If you don't know the difference between a W-2 and a W-4 or a 1040 and a 1099, you're not alone. Everyone needs to understand how every IRS tax form is used and when to use them. There are many forms that can be used to file your taxes, and using the right one the first time can prevent you from making a potentially costly mistake. (There are circumstances, however, in which you can amend a past tax return in order to correct certain errors.)

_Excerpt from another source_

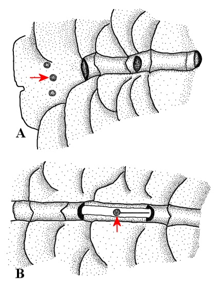 Dorsal lateral line of Gvozdarus svetovidovi, 2nd known specimen: female, 613 mm TL, 515 mm SL, 21 Januray 1988, Enderby Land, Antarctica (described in: Shandikov G.A. & Kratkiy V.Y. (1990). Journal of Ichthyology. 30(8). P. 143-147
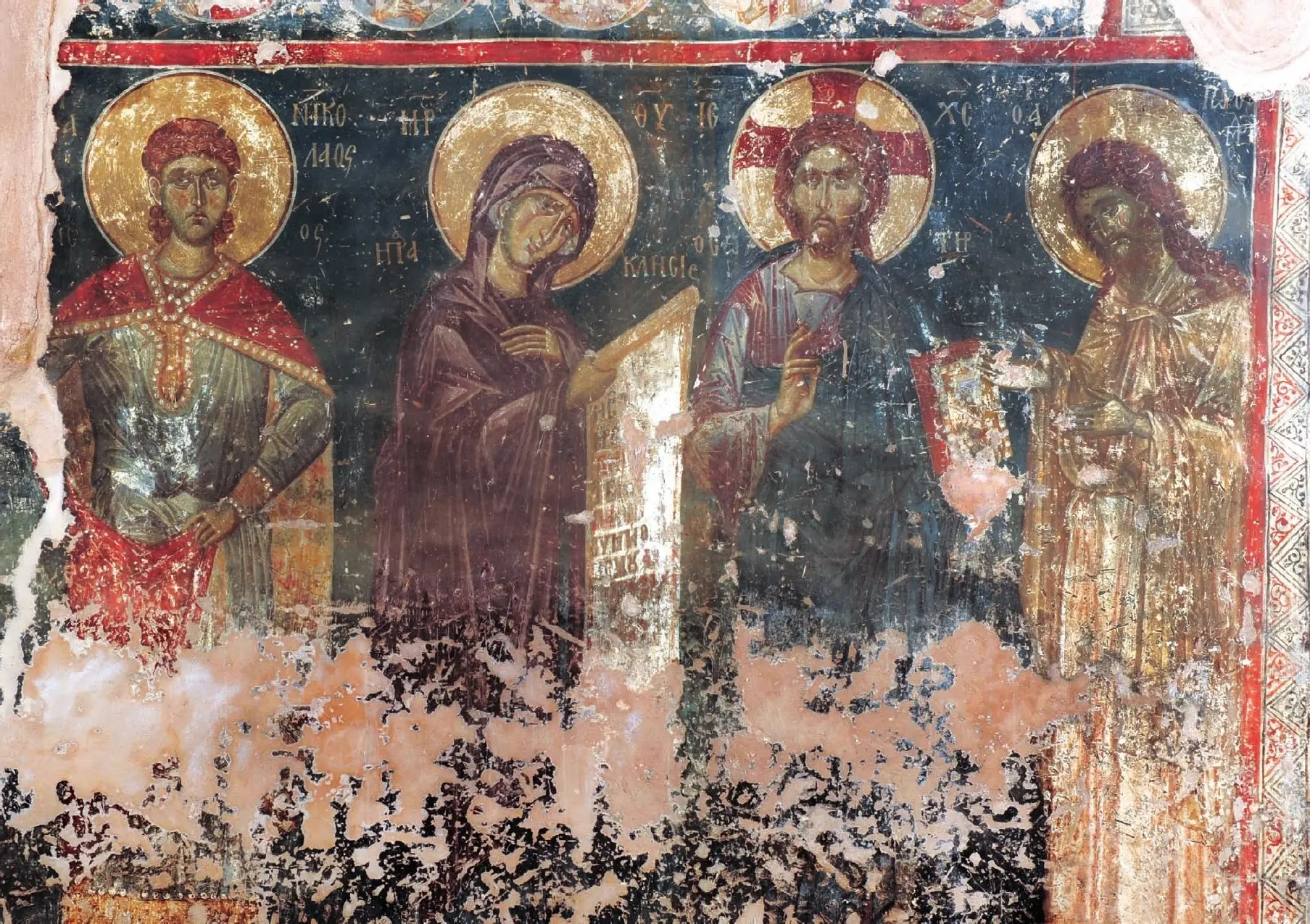 Saint Nicholas of Tzotzas Fresco

While you might never need some of the more esoteric tax forms out there, there are some that you will likely see every year. Below are the 10 most common forms you'll come across.
1. Form 1040
The U.S. Individual Income Tax Return is the bread and butter of tax forms -- the starting point for most taxpayers. It's also known as the "long form" 1040 because it's extremely comprehensive. If you make more than $100,000 annually, need to itemize your deductions, are reporting self-employment income or reporting income from sale of property, you'll most likely be using Form 1040.
2. Form 1040EZ
As the name suggests, the 1040EZ is a pretty basic individual filing tax form. Used mostly by single or married individuals with no dependents, the EZ version of the 1040 bypasses the complexity of the long-form version to whittle down schedules to the bare essentials. In other words, you can save yourself a lot of headaches with this form. Some of the conditions under which you should file a 1040EZ include:
- Your taxable income is below $100,000.
- Your filing status is single or married filing jointly.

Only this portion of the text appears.